=== Dataset ===
================
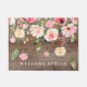 Beautiful watercolor pink & yellow floral doormat set on a rustic faux wood background.
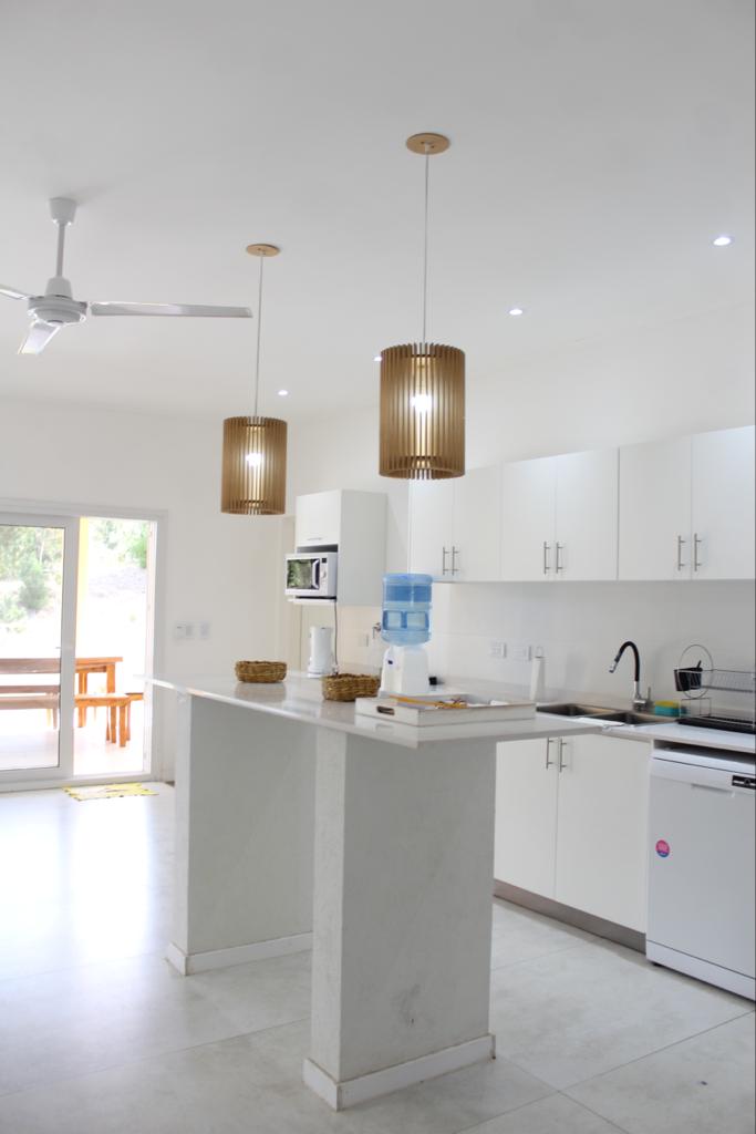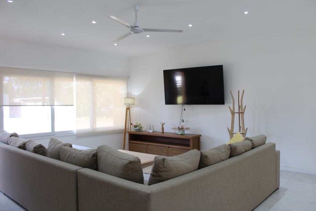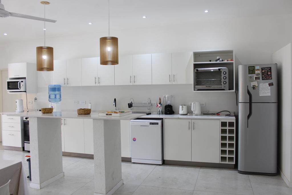 Cinco dormitorios y cuarto baños completos. Cuatro de los dormitorios con cama matrimonial y un dormitorio con tres camas individuales con posibilidad de anexar dos colchones para dos huéspedes mas.
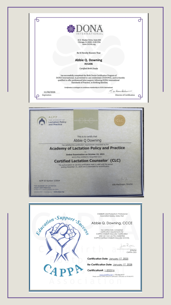 I want to expand the scope of general understanding about birth, and all the various ways a person can choose to birth their baby. There is no wrong choice – there is only what feels right for you. If that choice is honored fully, whether it’s a completely natural childbirth, a home birth, a medically-assisted hospital birth, or a cesarean, then it will be beautiful. My goal as your doula will always be to support with information and care so that no matter the outcome, every client feels seen, heard, and cared for.
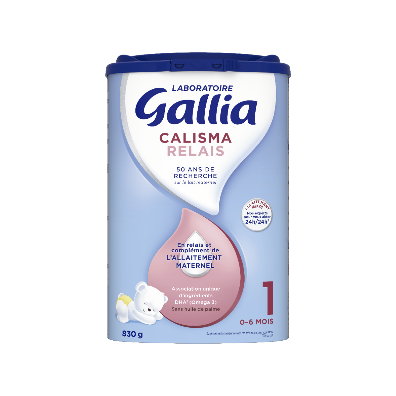 Lait Gallia Calisma Relais 1er Âge, adapté dès la naissance, en complément ou relais de l’allaitement.
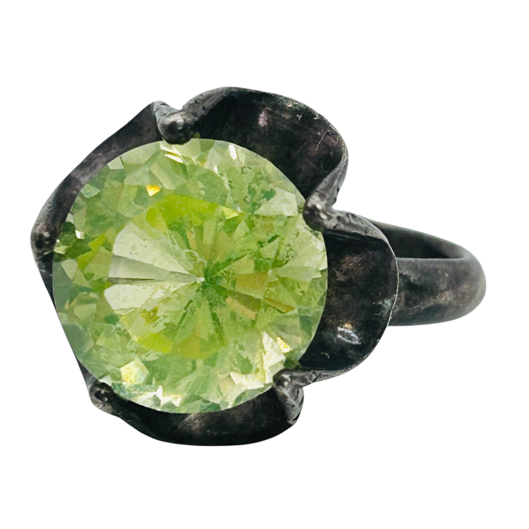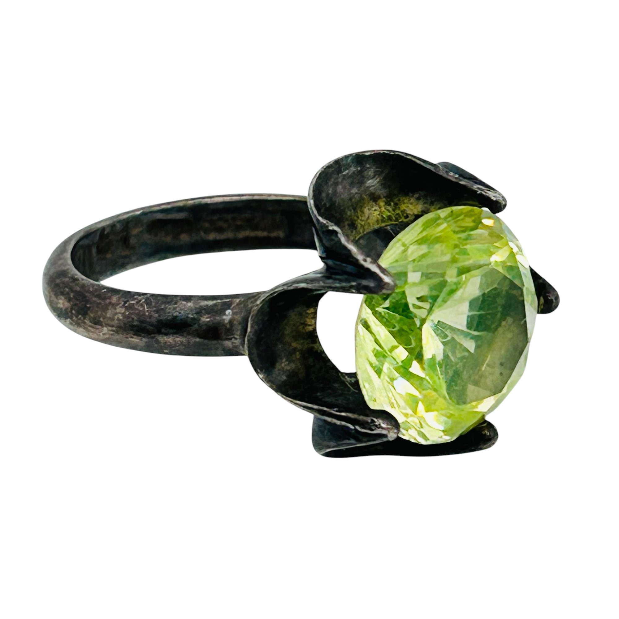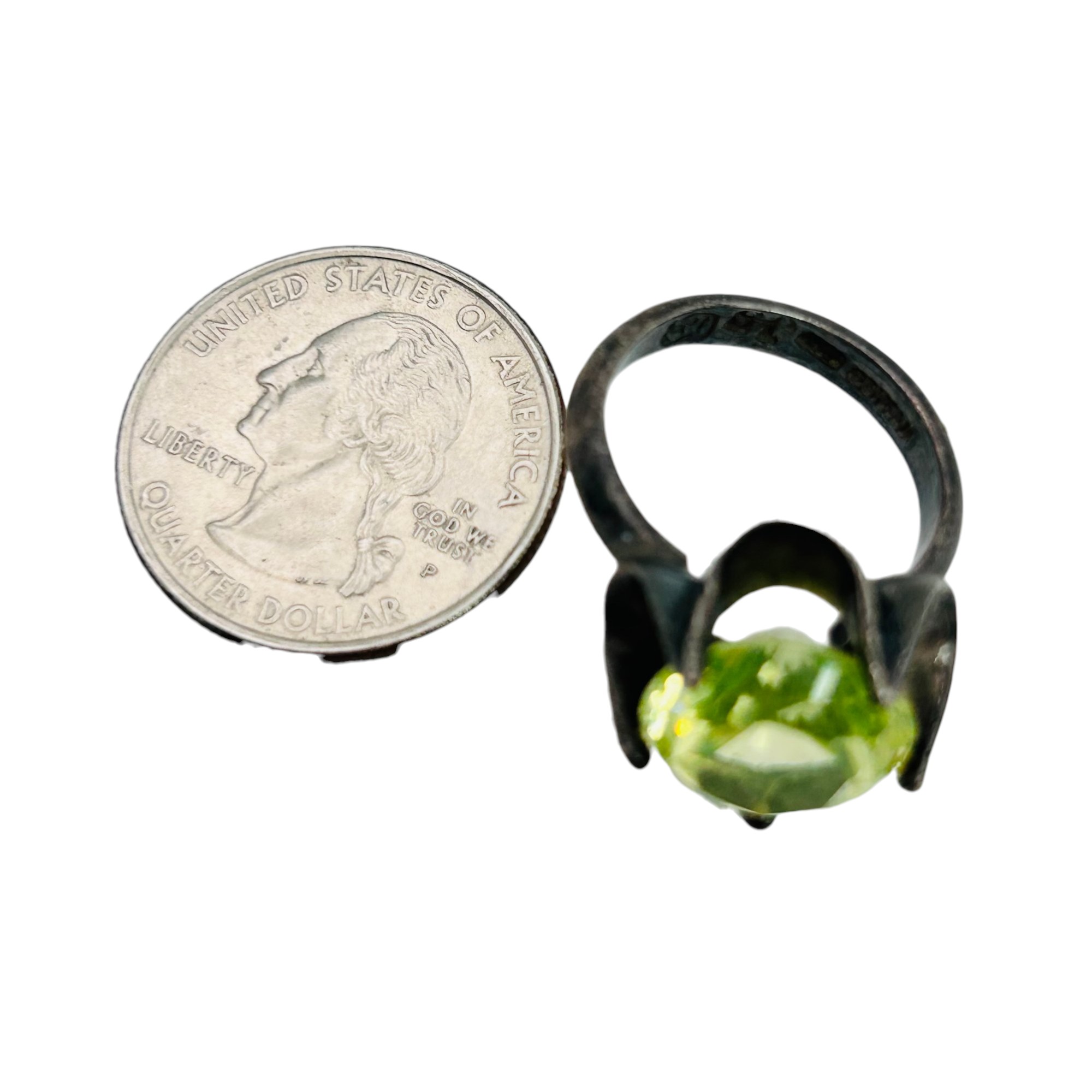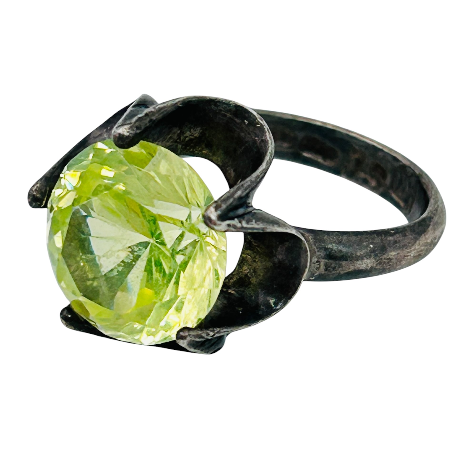 Signed Mexico citrine Sterling fluted ring size 7 7.59 g
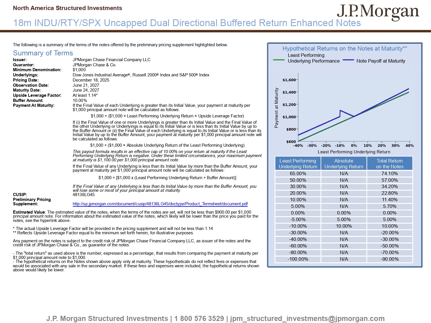 North America Structured Investments 18m INDU/RTY/SPX Uncapped Dual Directional Buffered Return Enhanced Notes The following is a summary of the terms of the notes offered by the preliminary pricing supplement highlighted below. Summary of Terms Issuer: Guarantor: Minimum Denomination: Underlyings: Pricing Date: Observation Date: Maturity Date: Upside Leverage Factor: Buffer Amount: Payment At Maturity: JPMorgan Chase Financial Company LLC JPMorgan Chase & Co. $1,000 Dow Jones Industrial Average ® , Russell 2000 ® Index and S&P 500 ® Index December 18, 2025 June 21, 2027 June 24, 2027 At least 1.14* 10.00% If the Final Value of each Underlying is greater than its Initial Value, your payment at maturity per $1,000 principal amount note will be calculated as follows: $1,000 + ($1,000 î Least Performing Underlying Return î Upside Leverage Factor) If (i) the Final Value of one or more Underlyings is greater than its Initial Value and the Final Value of the other Underlying or Underlyings is equal to its Initial Value or is less than its Initial Value by up to the Buffer Amount or (ii) the Final Value of each Underlying is equal to its Initial Value or is less than its Initial Value by up to the Buffer Amount, your payment at maturity per $1,000 principal amount note will be calculated as follows: $1,000 + ($1,000 î Absolute Underlying Return of the Least Performing Underlying) This payout formula results in an effective cap of 10.00% on your return at maturity if the Least Performing Underlying Return is negative. Under these limited circumstances, your maximum payment at maturity is $1,100.00 per $1,000 principal amount note. If the Final Value of any Underlying is less than its Initial Value by more than the Buffer Amount, your payment at maturity per $1,000 principal amount note will be calculated as follows: $1,000 + [$1,000 x (Least Performing Underlying Return + Buffer Amount)] If the Final Value of any Underlying is less than its Initial Value by more than the Buffer Amount, you will lose some or most of your principal amount at maturity. 48136LG45 CUSIP: Preliminary Pricing Supplement: http://sp.jpmorgan.com/document/cusip/48136LG45/doctype/Product_Termsheet/document.pdf Estimated Value : The estimated value of the notes, when the terms of the notes are set, will not be less than $900.00 per $1,000 principal amount note. For information about the estimated value of the notes, which likely will be lower than the price you paid for the notes, see the hyperlink above. * The actual Upside Leverage Factor will be provided in the pricing supplement and will not be less than 1.14 ** Reflects Upside Leverage Factor equal to the minimum set forth herein, for illustrative purposes. Any payment on the notes is subject to the credit risk of JPMorgan Chase Financial Company LLC, as issuer of the notes and the credit risk of JPMorgan Chase & Co., as guarantor of the notes. - The "total return" as used above is the number, expressed as a percentage, that results from comparing the payment at maturity per $1,000 principal amount note to $1,000. - The hypothetical returns on the Notes shown above apply only at maturity. These hypotheticals do not reflect fees or expenses that would be associated with any sale in the secondary market. If these fees and expenses were included, the hypothetical returns shown above would likely be lower. Hypothetical Returns on the Notes at Maturity** Least Performing Underlying Performance Note Payoff at Maturity Payment at Maturity Least Performing Underlying Return Total Return on the Notes Absolute Underlying Return Least Performing Underlying Return 74.10% N/A 65.00% 57.00% N/A 50.00% 34.20% N/A 30.00% 22.80% N/A 20.00% 11.40% N/A 10.00% 5.70% N/A 5.00% 0.00% 0.00% 0.00% 5.00% 5.00% - 5.00% 10.00% 10.00% - 10.00% - 20.00% N/A - 30.00% - 30.00% N/A - 40.00% - 50.00% N/A - 60.00% - 70.00% N/A - 80.00% - 90.00% N/A - 100.00% J.P. Morgan Structured Investments | 1 800 576 3529 | jpm_structured_investments@jpmorgan.com
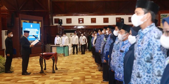 Sekretaris Daerah Aceh, dr. Taqwallah, M.Kes, saat melantik pejabat fungsional yang diangkat melalui mekanisme penyetaraan pada lingkungan Pemerintah Aceh, di Anjong Mon Mata, Banda Aceh, Jumat (31/12/2021).
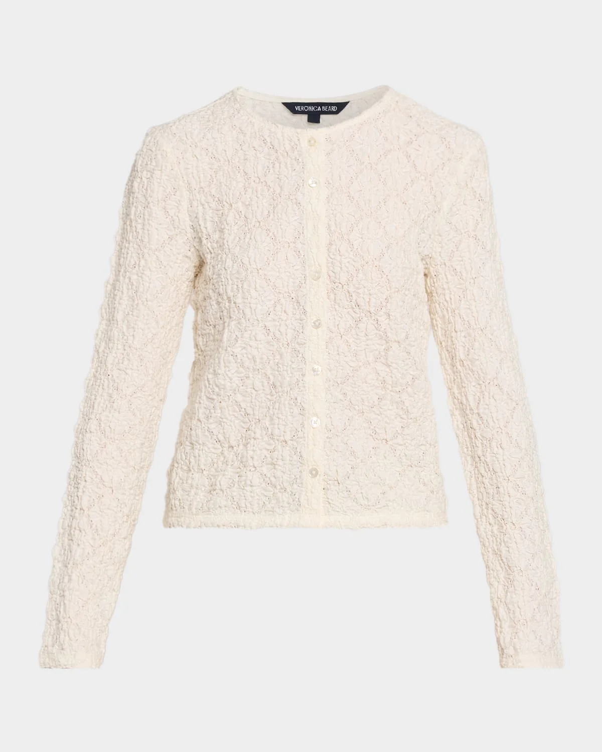 Veronica Beard "Gillingham" cardigan crafted from delicate stretch-lace Crew neckline Long sleeves Slim fit Hem sits at the hip Button-front & nbsp; Cotton/polyester Machine wash cold Imported SIZE & FITModel measurements: 5 & apos;10" tallModel is wearing a US size 4/Small
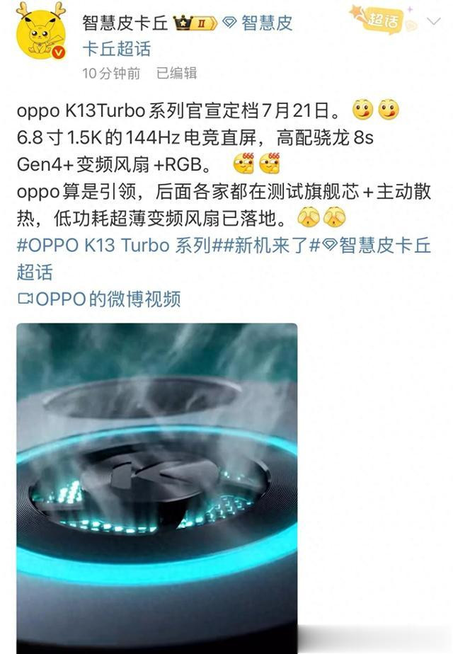 数码博主智慧皮卡丘爆料称,OPPO K13 Turbo系列正式官宣定档7月21日发布。新机最大亮点在于首次将“主动散热风扇”引入中端性能机型,搭配骁龙8s Gen4旗舰芯片与144Hz电竞直屏,试图打破性能机散热瓶颈,并引发行业跟进浪潮。
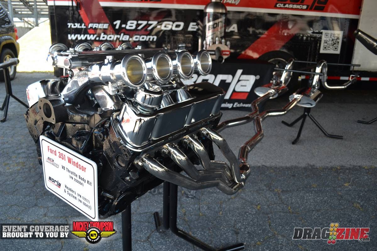 Borla is here this weekend showcasing their stainless exhaust as well as a new line of induction systems available for several engine types. Tracie Percell got me up to speed on the new line. Borla Performance Industries purchased TWM Induction about two and a half years ago and moved that into the Borla facility in Johnson City, Tennessee. The systems are available in cast or billet with several styles available, shown is a cross ram for a 351 Winsdor.
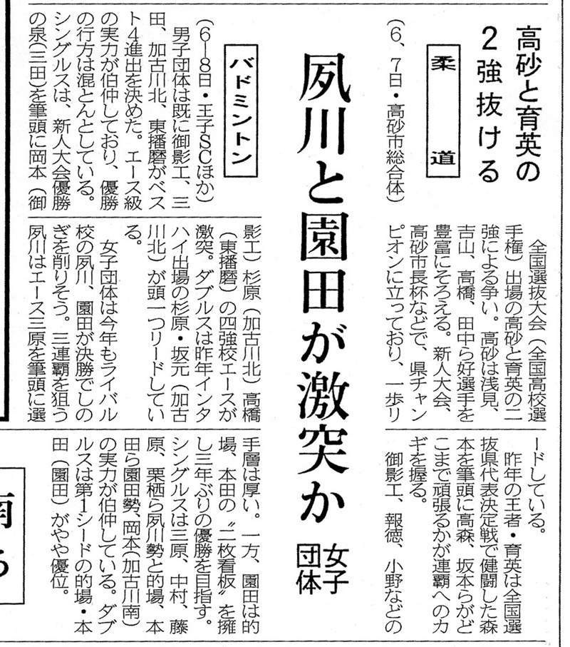 1992年兵庫県高校総体展望・神戸新聞(平成4年6月3日)
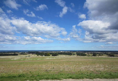 ...denn baeten wierer na Osten, datt Steinkahlenkraftwerk mit denn hoogen Kühlturm un ook uns Hochhuus in dei Ahlbecker Straat 8 wier tau seihn. Föt Marlene wier allens natürlich ein' grote Oewerraschung, disse Landschaft un dei Ostsee tau erläben. Dei wellige Landschaft mit denn Holt inn Süden gehüürt tau dei Endmoränenlandschaft vonne Kühlung. Oewer uns dei blage Himmel mit lütt un grote Wolken, dei vonn Ostwind dräben wüüren wat künnt Schöneres gaeben in disse Stunn hier inn Häger Uurt, twüschen dei Ünnerwarnow un Rostock inn Osten un dei Kühlung inn Westen, mit einen Blick na Rerik inn Westen. Dei Nuurden hett uns Marlene dat andahn un sei warrt woll ehren Wech von Löbau, in Sachsen, na hier "baben" maaken, üm Arbeit un dormit ein nieges Ziel in ehr Läben tau finnen. Bestimmt hüürt wi von ehr in dei nächst' Tied von ehren Umtöch anne Küst mit dei schönen Lüchttürms, datt blage Waarer un dei gesunn Luft in Mäkelbörg-Vörpommern.
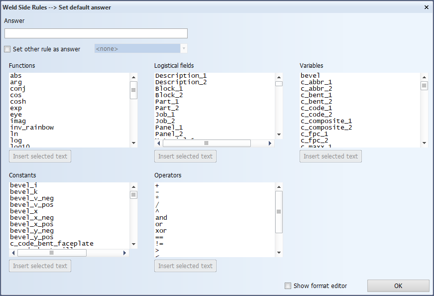 Define the condition and the answer by typing them in the respective fields. In addition to typing, you can also add available functions, logistical fields, variables, constants and operators by first clicking the field (i.e. Condition or Answer) to which you want to add an item, and then selecting the item and clicking Insert selected text.
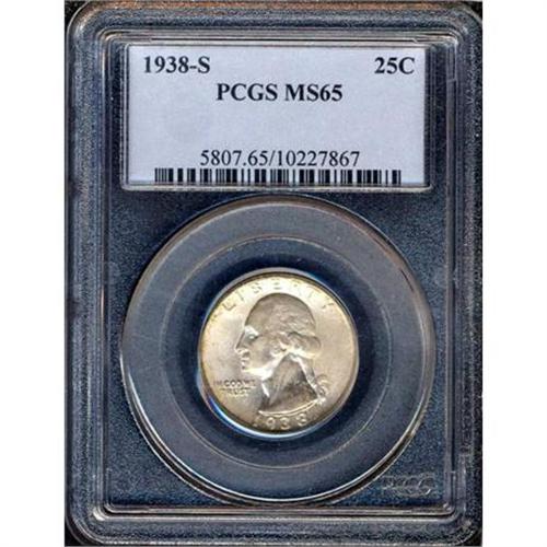 <b>1938-S Washington Quarter Dollar. PCGS graded MS65.</b> Frosty white luster just grazed by natural toning in a few places <b>(PCGS # 5807)</b> <i>
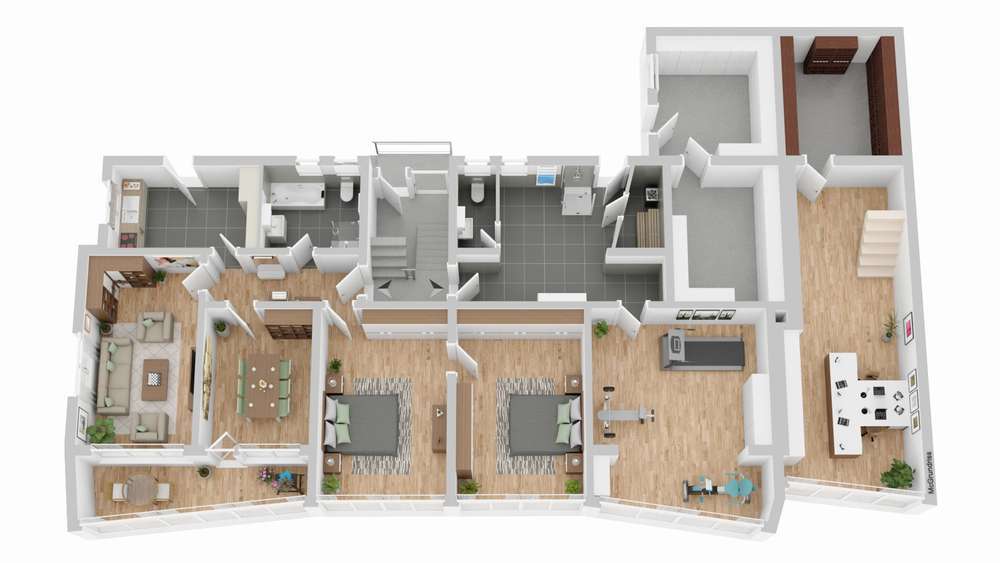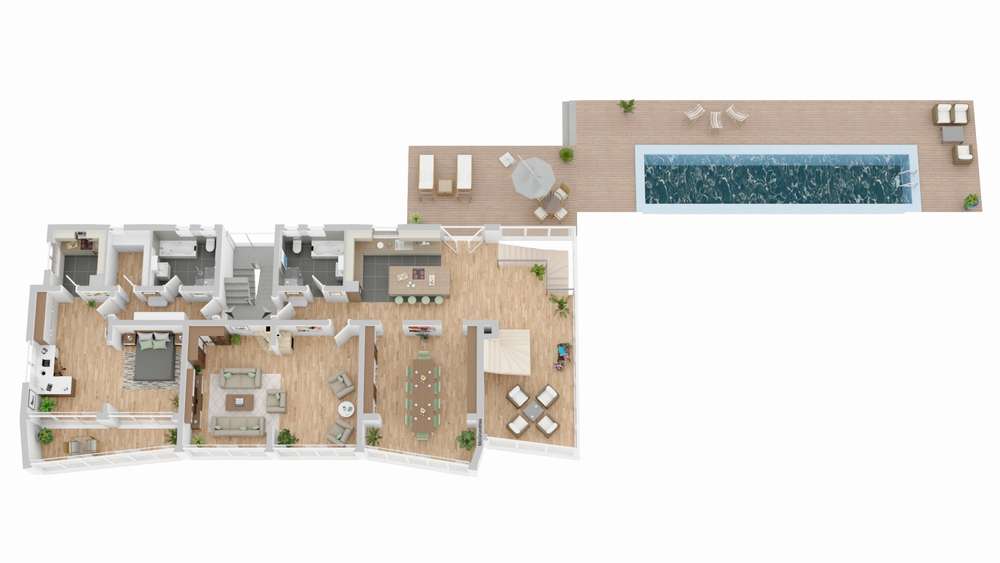 Neben der großzügigen, eigengenutzten Hauptwohnung umfasst das Haus drei weitere Wohneinheiten. Eine Wohnung im Untergeschoss mit ca. 94,23 m² ist aktuell vermietet. Im Erdgeschoss befindet sich eine ca. 56,93 m² große Gästewohnung, während eine weitere Einheit im Obergeschoss mit ca. 53,01 m² derzeit leersteht und flexibel nutzbar ist. Das Herzstück der Immobilie bildet jedoch die außergewöhnlich großzügige Hauptwohnung mit ca. 306,98 m² Wohnfläche, verteilt über alle Etagen des Hauses und ergänzt durch eine weitläufige Terrasse mit Pool.
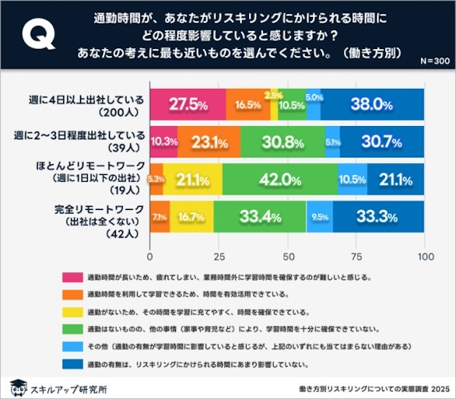 同社は「通勤時間の有無による学習時間への影響」についても調査。出社中心の人は「通勤による疲労」が学習時間の確保を困難にしていると感じる傾向にあることが判明した。一方で、リモート中心の人では「通勤はないものの、他の事情(家事や育児など)により、学習時間を十分に確保できていない」との回答割合が4割を超えている。また、全ての働き方において「通勤の有無はリスキリングにかけられる時間にあまり影響していない」と回答したことも明らかになった。
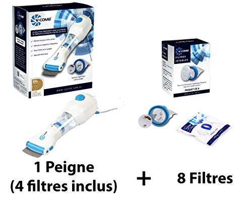 Pettine per pidocchi V-comb + scatola di 8 filtri
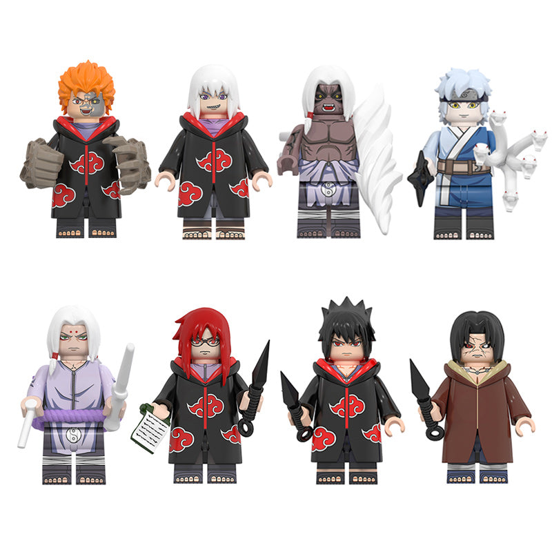 This Naruto minifigure set includes SSasuke, Mitsuki, Jūgo, Karin, Suigetsu, Itachi, Kimimaro, Kaguya and more—LEGO-compatible custom brick figures crafted for collectors and themed builds.
================
=== What is required ===
Repeat the exact lines from the first line of the data through the line containing "I want to expand". Nothing else, no pictures.

=== Solution to this task ===
 Beautiful watercolor pink & yellow floral doormat set on a rustic faux wood background.
 Cinco dormitorios y cuarto baños completos. Cuatro de los dormitorios con cama matrimonial y un dormitorio con tres camas individuales con posibilidad de anexar dos colchones para dos huéspedes mas.
 I want to expand the scope of general understanding about birth, and all the various ways a person can choose to birth their baby. There is no wrong choice – there is only what feels right for you. If that choice is honored fully, whether it’s a completely natural childbirth, a home birth, a medically-assisted hospital birth, or a cesarean, then it will be beautiful. My goal as your doula will always be to support with information and care so that no matter the outcome, every client feels seen, heard, and cared for.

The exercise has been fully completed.